(ASSIGNMENT) From the line containing "Sektglas das mundgeblasen" through the end of the entries, please repeat every line exactly and nothing more; the pictures do not belong in the copy.

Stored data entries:
——————

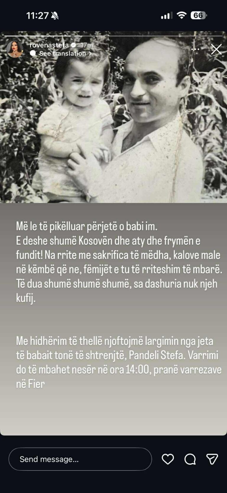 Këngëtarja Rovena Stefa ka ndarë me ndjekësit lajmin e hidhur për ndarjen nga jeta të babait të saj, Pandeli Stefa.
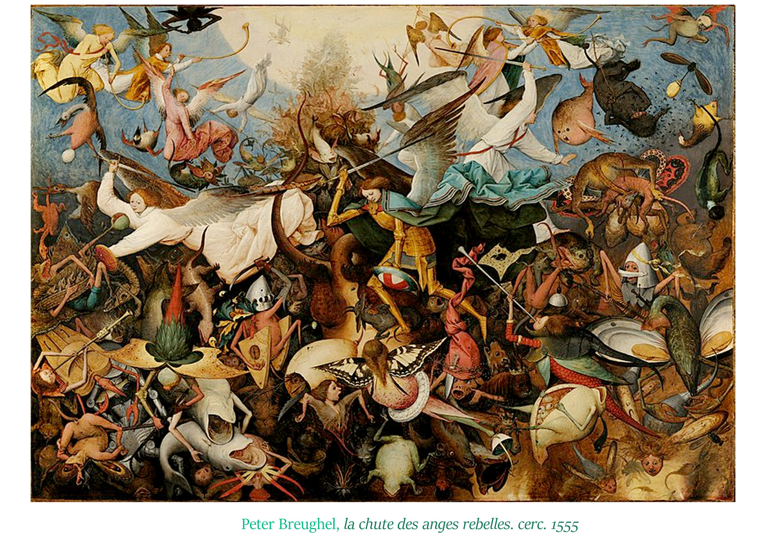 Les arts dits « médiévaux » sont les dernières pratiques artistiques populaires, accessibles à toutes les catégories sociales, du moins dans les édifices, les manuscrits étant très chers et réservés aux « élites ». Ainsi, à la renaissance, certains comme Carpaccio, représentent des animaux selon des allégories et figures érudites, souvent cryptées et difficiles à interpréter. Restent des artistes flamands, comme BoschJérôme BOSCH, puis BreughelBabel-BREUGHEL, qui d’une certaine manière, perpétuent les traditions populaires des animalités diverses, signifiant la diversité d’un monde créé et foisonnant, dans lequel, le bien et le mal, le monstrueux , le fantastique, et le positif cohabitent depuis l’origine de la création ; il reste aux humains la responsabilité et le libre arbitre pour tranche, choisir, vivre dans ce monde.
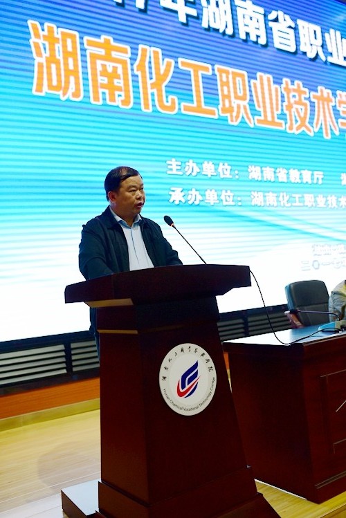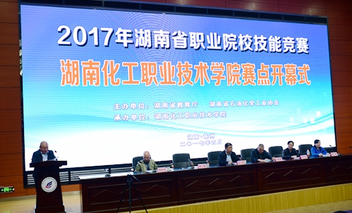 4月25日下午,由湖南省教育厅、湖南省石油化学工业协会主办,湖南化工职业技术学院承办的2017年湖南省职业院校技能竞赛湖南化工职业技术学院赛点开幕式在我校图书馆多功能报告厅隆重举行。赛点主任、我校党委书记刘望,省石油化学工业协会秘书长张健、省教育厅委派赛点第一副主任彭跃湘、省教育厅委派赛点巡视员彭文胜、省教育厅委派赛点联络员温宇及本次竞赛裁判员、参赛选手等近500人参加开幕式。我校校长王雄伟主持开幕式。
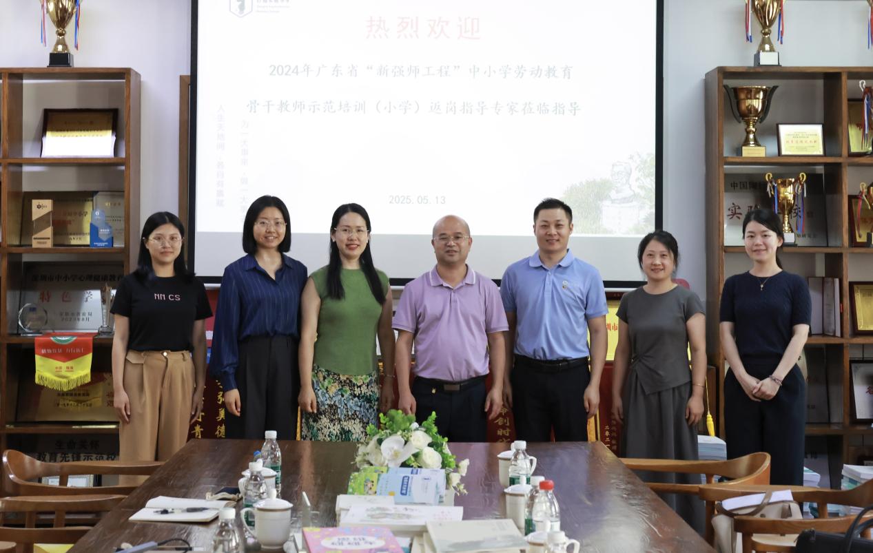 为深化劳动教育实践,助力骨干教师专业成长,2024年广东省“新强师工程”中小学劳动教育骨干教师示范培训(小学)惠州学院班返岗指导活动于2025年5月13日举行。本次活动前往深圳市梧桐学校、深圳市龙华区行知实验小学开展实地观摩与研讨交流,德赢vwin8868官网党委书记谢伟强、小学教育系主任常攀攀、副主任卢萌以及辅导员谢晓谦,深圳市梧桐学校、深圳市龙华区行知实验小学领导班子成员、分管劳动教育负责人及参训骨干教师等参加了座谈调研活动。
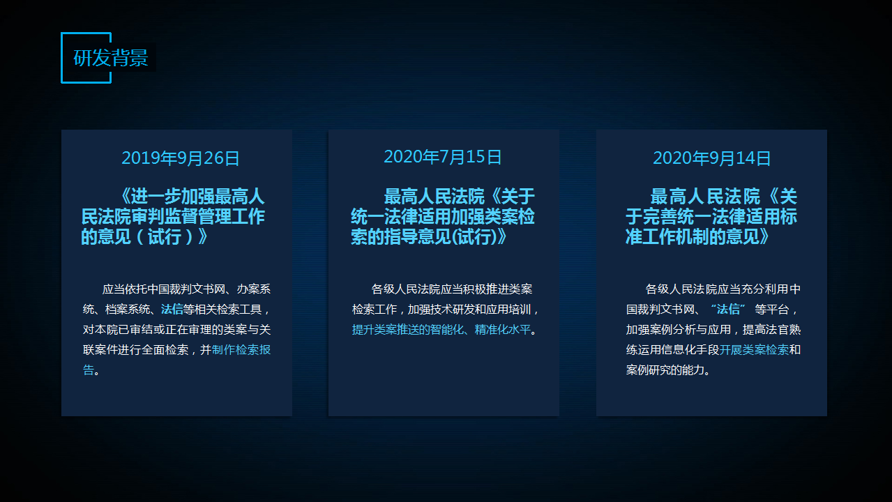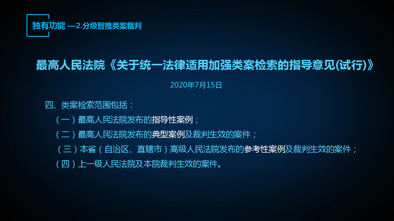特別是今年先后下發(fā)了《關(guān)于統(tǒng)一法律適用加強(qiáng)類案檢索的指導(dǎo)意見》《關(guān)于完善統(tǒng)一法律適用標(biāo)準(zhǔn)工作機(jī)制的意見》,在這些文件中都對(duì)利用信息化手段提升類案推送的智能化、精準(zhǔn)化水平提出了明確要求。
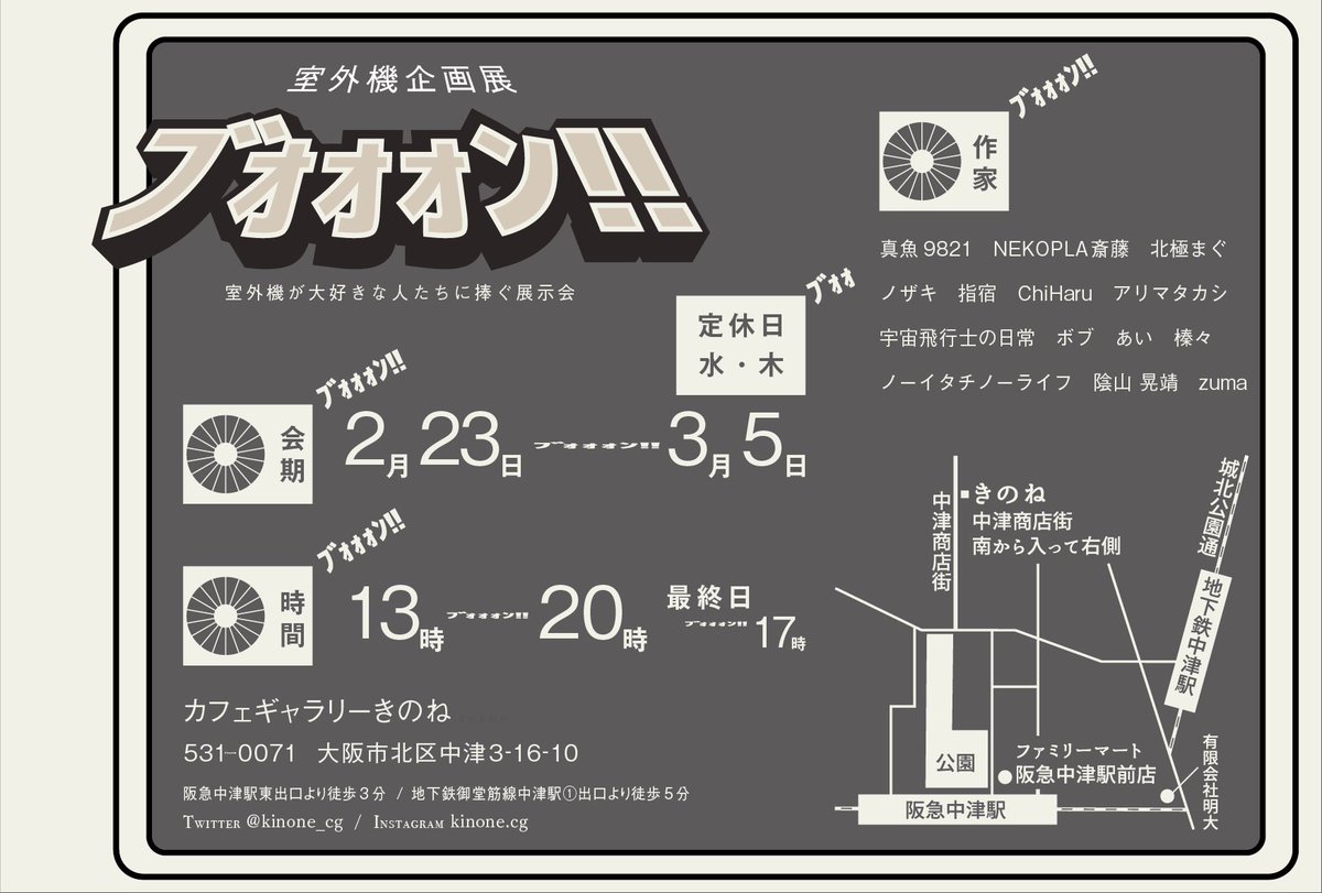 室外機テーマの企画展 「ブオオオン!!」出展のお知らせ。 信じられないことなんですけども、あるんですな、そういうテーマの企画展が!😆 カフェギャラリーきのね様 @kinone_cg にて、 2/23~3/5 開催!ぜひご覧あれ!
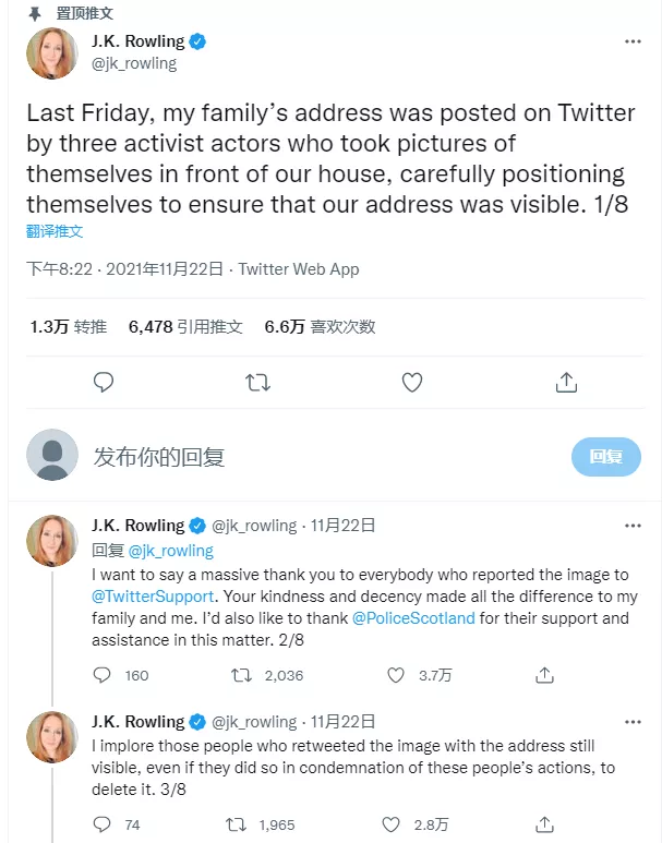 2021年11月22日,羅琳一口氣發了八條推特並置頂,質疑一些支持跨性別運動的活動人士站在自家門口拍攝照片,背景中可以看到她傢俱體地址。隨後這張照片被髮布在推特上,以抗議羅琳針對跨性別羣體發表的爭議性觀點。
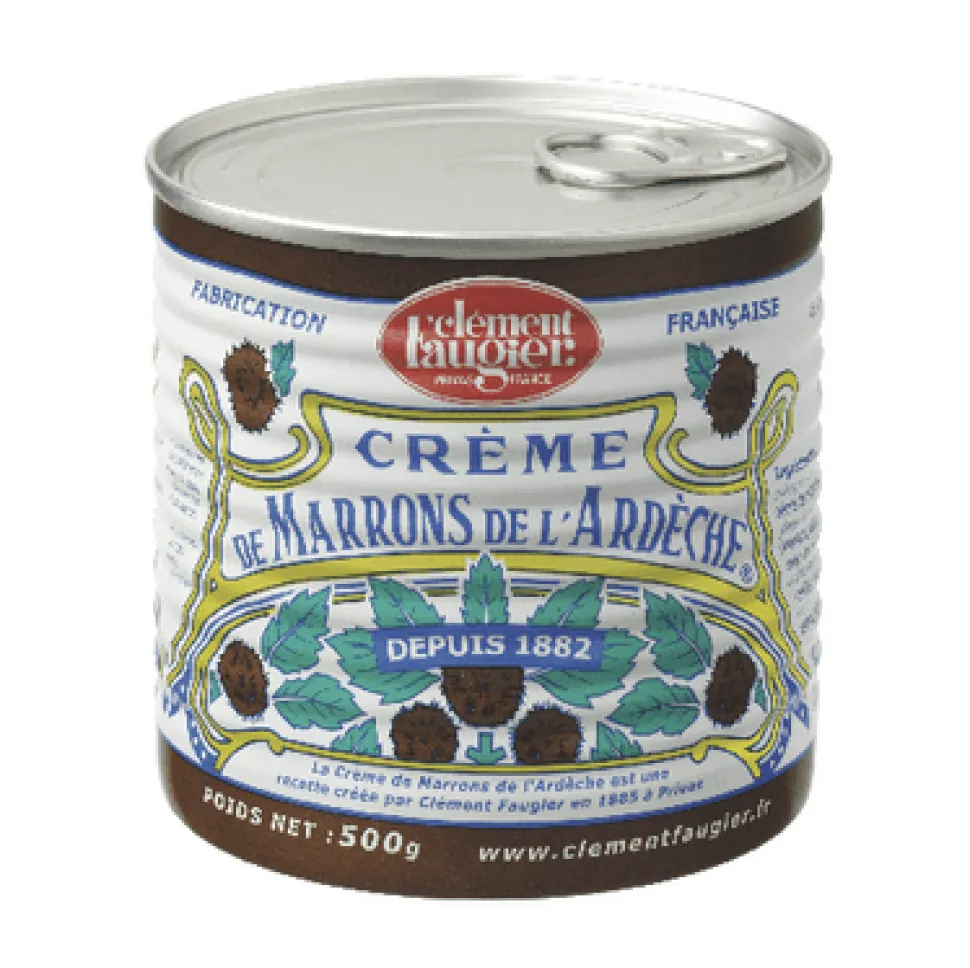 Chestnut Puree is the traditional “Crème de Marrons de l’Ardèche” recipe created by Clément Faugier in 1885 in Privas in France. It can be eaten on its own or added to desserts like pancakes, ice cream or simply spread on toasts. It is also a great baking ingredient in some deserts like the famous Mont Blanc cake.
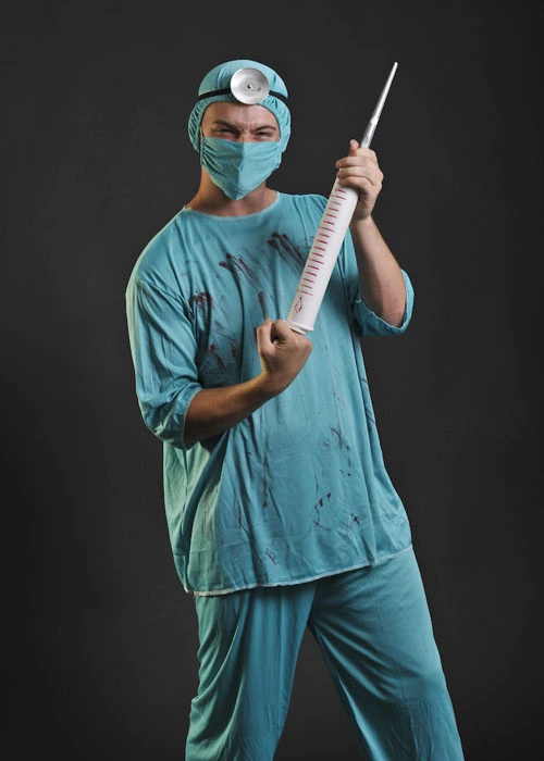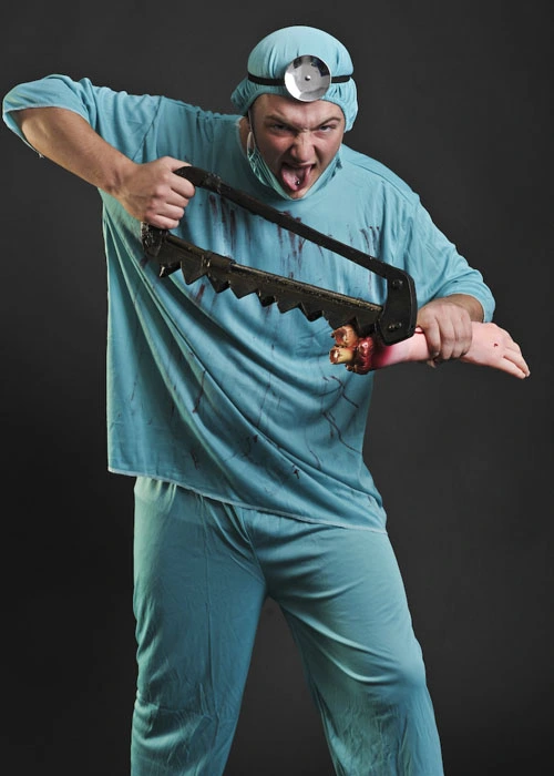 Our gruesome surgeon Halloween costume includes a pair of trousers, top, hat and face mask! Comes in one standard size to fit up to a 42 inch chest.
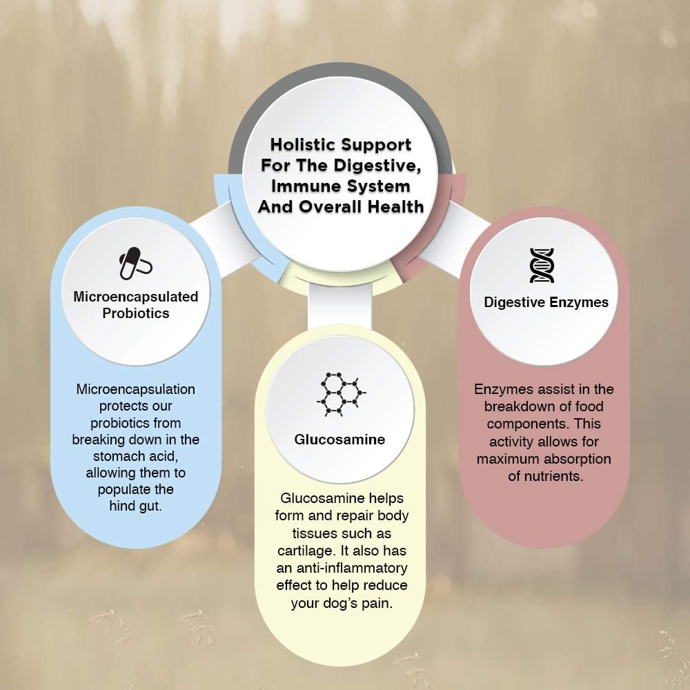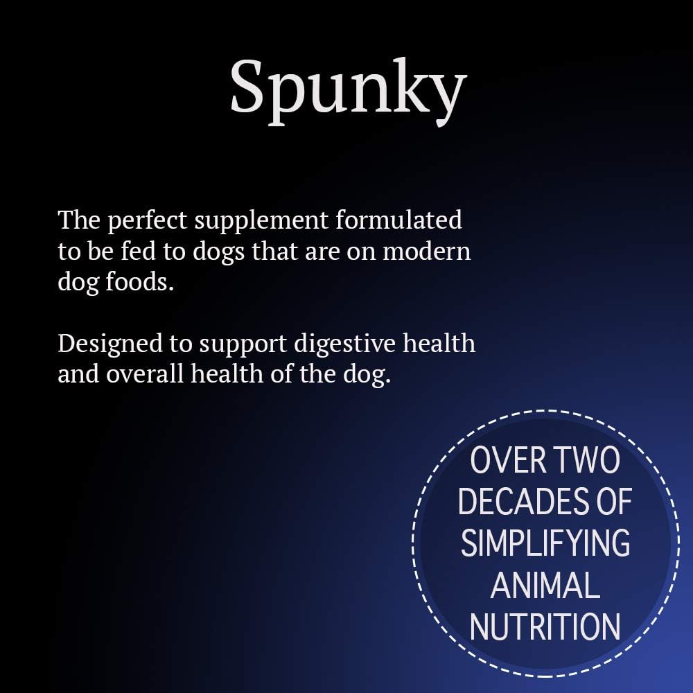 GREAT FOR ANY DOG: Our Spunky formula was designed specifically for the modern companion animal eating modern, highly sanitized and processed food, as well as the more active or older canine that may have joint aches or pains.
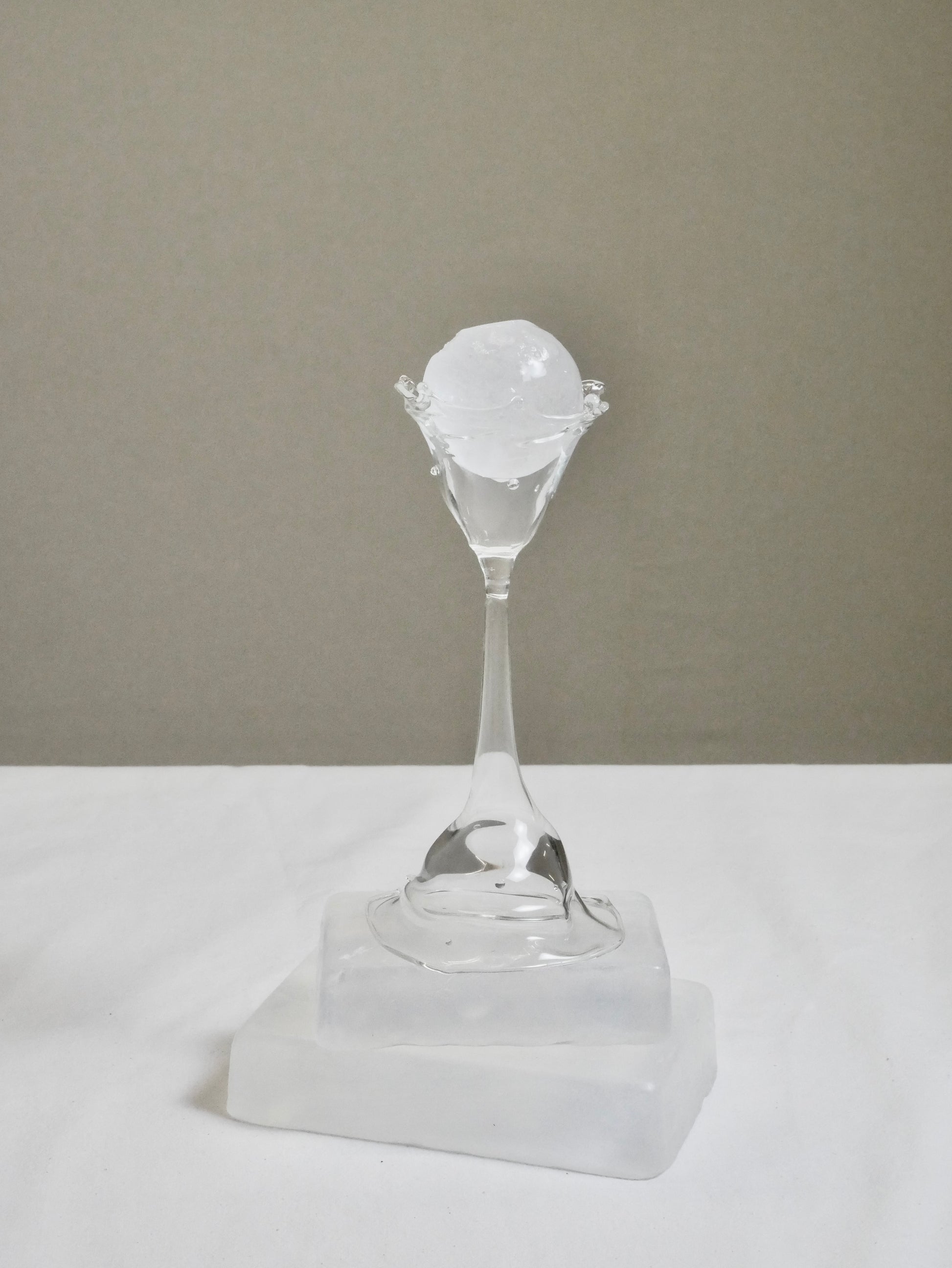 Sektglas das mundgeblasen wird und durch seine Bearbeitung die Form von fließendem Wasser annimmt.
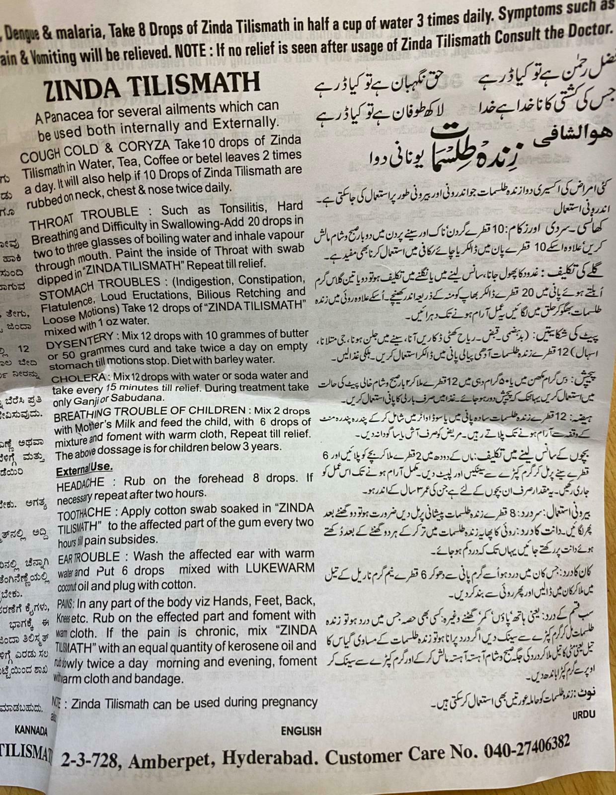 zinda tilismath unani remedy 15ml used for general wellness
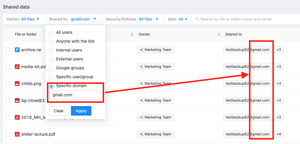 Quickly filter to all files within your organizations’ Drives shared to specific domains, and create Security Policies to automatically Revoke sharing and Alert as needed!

——————

(SOLUTION BELOW)
 Sektglas das mundgeblasen wird und durch seine Bearbeitung die Form von fließendem Wasser annimmt.
 zinda tilismath unani remedy 15ml used for general wellness
 Quickly filter to all files within your organizations’ Drives shared to specific domains, and create Security Policies to automatically Revoke sharing and Alert as needed!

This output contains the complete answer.